Any idea? Or is it example project time?

Hi, I've managed to create a simple test project that isolates this issue. I'm fairly confident I'm not holding onto the drawable for too long as I'm now drawing a single quad from a single `.cpuCacheModeWriteCombined` vertex buffer, in a single render pass.


As far as I can tell, what triggers the issue is when the CPU has some work to do on the main thread (simulated with a usleep(8000) in the test project) and then has a spike of work to complete elsewhere (simulated with a usleep on button press in the test project). This is enough to get the 'thread blocked waiting for next drawable' warnings in instruments.


This seems to create a knock on effect where, because the current frame was delayed waiting for a drawable, the next frame is now too. It requires another CPU spike to rollover into becoming synchronised again.


Even though this doesn't necessarily cause a drop in frames, it does seem to cause a big wait on the main thread which then has, for example, the effect of disturbing the cadence of touch events – hence the appearance of dropped frames when scrolling/dragging.

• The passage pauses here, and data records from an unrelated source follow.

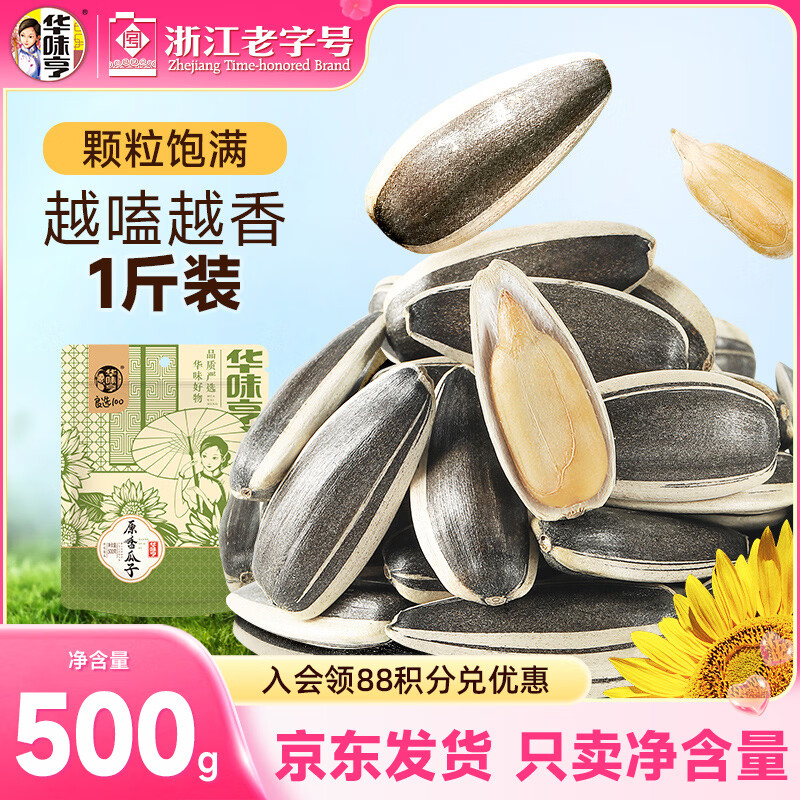 华味亨原味瓜子500g葵花籽坚果炒货香瓜子追剧小吃办公休闲零食1斤装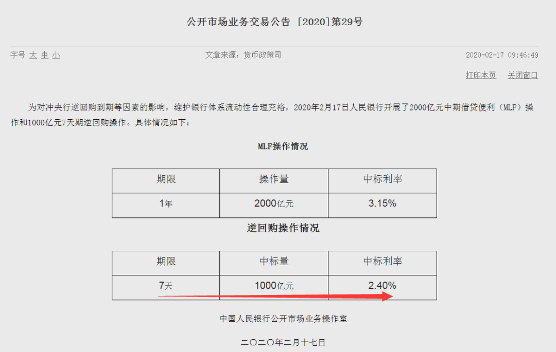 上图是今天的招标公告,7天逆回购的中标利率是2.20%。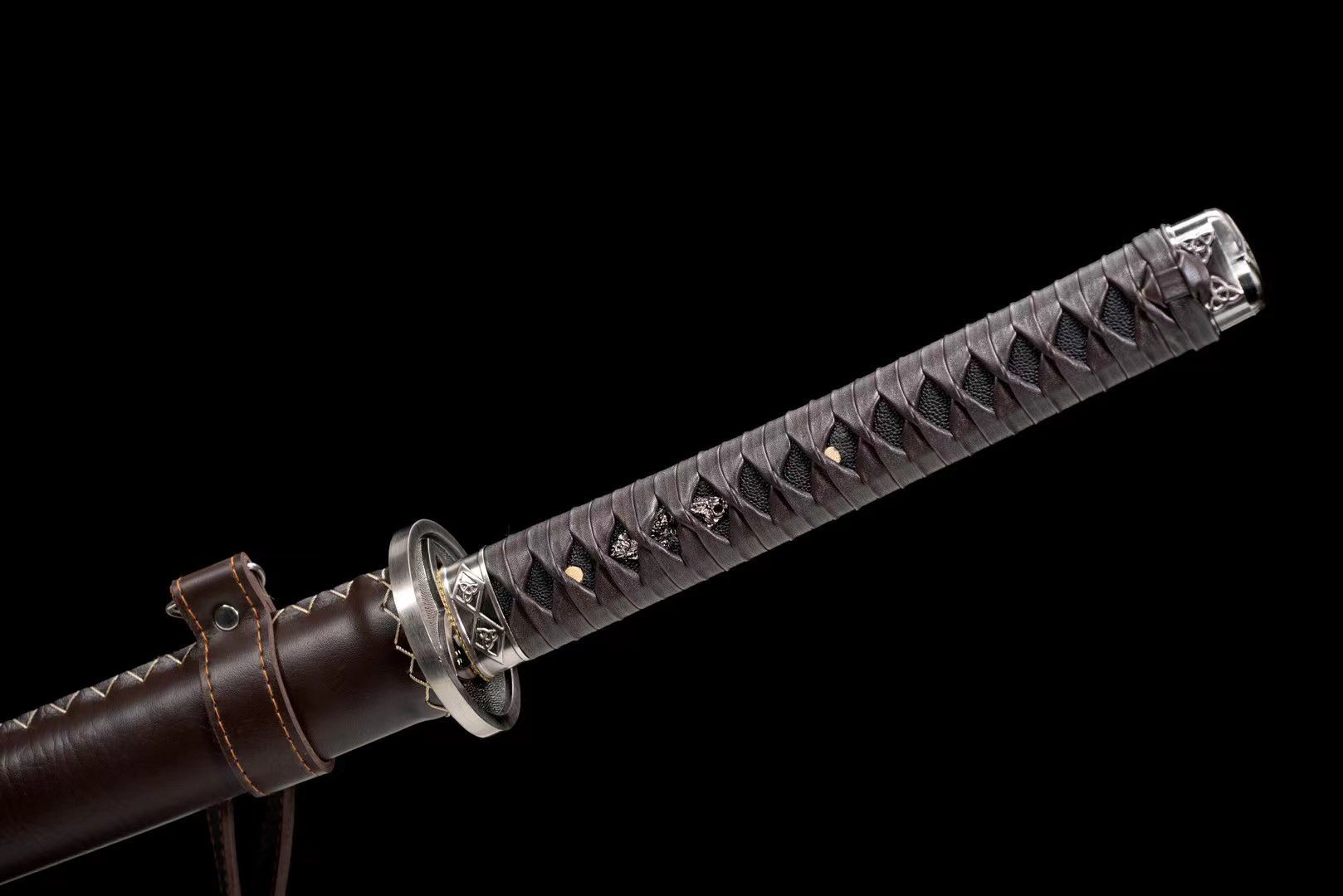 - Schwertscheide (Saya 鞘): Braune Lederscheide mit passendem Kojiri und Koiguchi.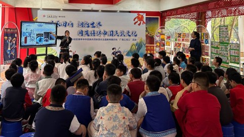 与此同时,一场关于广西壮族传统手工艺品----壮锦的介绍也在天桃实验小学的创新智慧教室展开了。2023级英语专业的冯佳怡同学身着壮族民族服饰,以“美丽壮锦:广西非物质文化遗产的瑰宝”为题,结合精心设计的图文和短视频向天桃实验学校的小朋友们展示并介绍了壮锦的美丽花色、壮锦图案中的动人传说、壮锦的制作流程以及壮锦在当代的发展与传承。在冯佳怡同学的启发和引导下,现场的小观众们当场就学会了许多跟壮锦花色、图案有关的英语表达。在有奖问答环节,小朋友们都积极踊跃参与。有的小朋友不仅记住了壮锦的制作流程还能用英语进行简单地介绍,还有的小朋友甚至能用刚学会的英语句子,展开想象,绘声绘色地讲述了壮锦图案上的凤鸟飞进教室现场的有趣情节。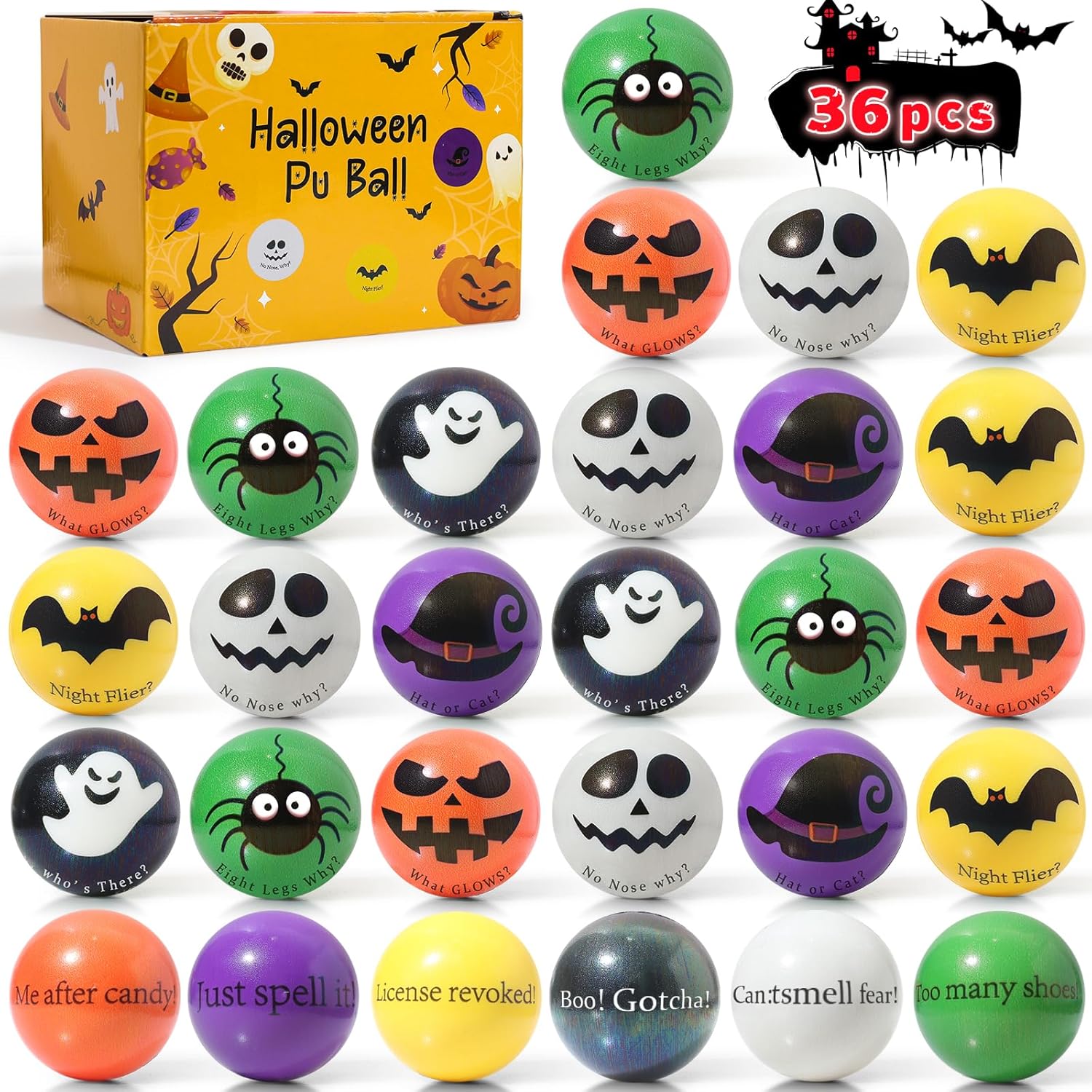 Halloween Stress Balls, Halloween Fidgets, 36Pc Scary Fun Stress Relief PU Ball Toys, Ghost Pumpkin Icons Hilarious Text Gifts Ideal Stress Squeeze Ball Funny Halloween Boy Girls Gifts Toys,
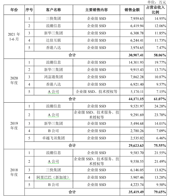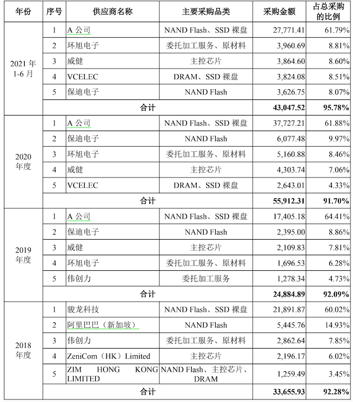 2019年、2020年及2021年前6个月,忆恒创源从A公司采购NAND Flash、SSD裸盘金额分别为1.74亿元、3.77亿元和2.78亿元,均占当期采购总金额的六成以上,存单一客户依赖风险。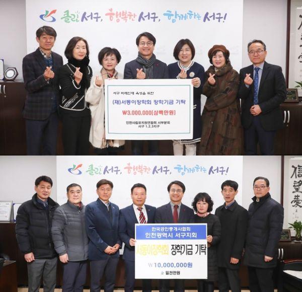 지난 30일 한국공인중개사협회 인천서구지회는 구청장실에 방문해 지역인재 육성을 위해 재단법인 서동이장학회에 1천만원의 장학금을 기탁했으며 인천사립유치원연합회 서부분회 1,2,3지구도 300만원의 장학금을 기탁했다.
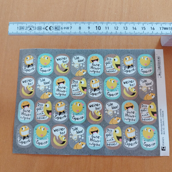 Ein Bogen mit Belobigungssticker für Eltern, Lehrer oder ein Fleiß Heft.

Is this expected behaviour?


I'm wondering what the best way forward is here? I'm guessing that a solution would be to somehow calculate when a frame should be simply dropped – so currentDrawble isn't called at all – allowing the drawables to be replenished and for service to resume normally. Or is there a better way?

I've submitted this as a bug alongside an example project. It may well be expected behaviour, but then it may make sense for the documentation for `.presentsWIthTransaction` to be updated as I imagine whoever enables it will almost certainly encounter the same issue at some point.


Would be great to hear any potential workarounds.


rdar://43568815

Title:

Recommended `.presentsWithTransaction` render method on `MTKView` starves render loop of drawables


Summary:

I run a fairly simple Metal layer in my application that is synced with UIKit. My metal layer sits beneath some UIKit components which the user can interact with and which must be synchronised with the Metal layer beneath.


As recommended in the documentation for this use case, I make use of `.presentsWithTransaction` on MTKView and "commit the command buffer and call its waitUntilScheduled() method to synchronously wait until the drawable is ready, then call the drawable’s present() method directly."


This works well until there is light load on the CPU, with an intermittent CPU spike on the main thread. When this happens the draw loop can become starved of drawables. This causes a knock-on effect, which means the drawable for the next frame is delayed also. In instruments, this results in a series of 'thread blocked waiting for next drawable' warnings.


As the main thread is now sitting blocked in the draw call for the majority of the run loop, touch events become delayed, resulting in a distinctive stuttering pattern for a pan gesture – even though the app is still theoretically running at a full 60fps.


A subsequent CPU spike can knock things back into sequence and the app will begin performing as normal.

Hi Dan, any thoughts on this? Are you able to confirm the issue?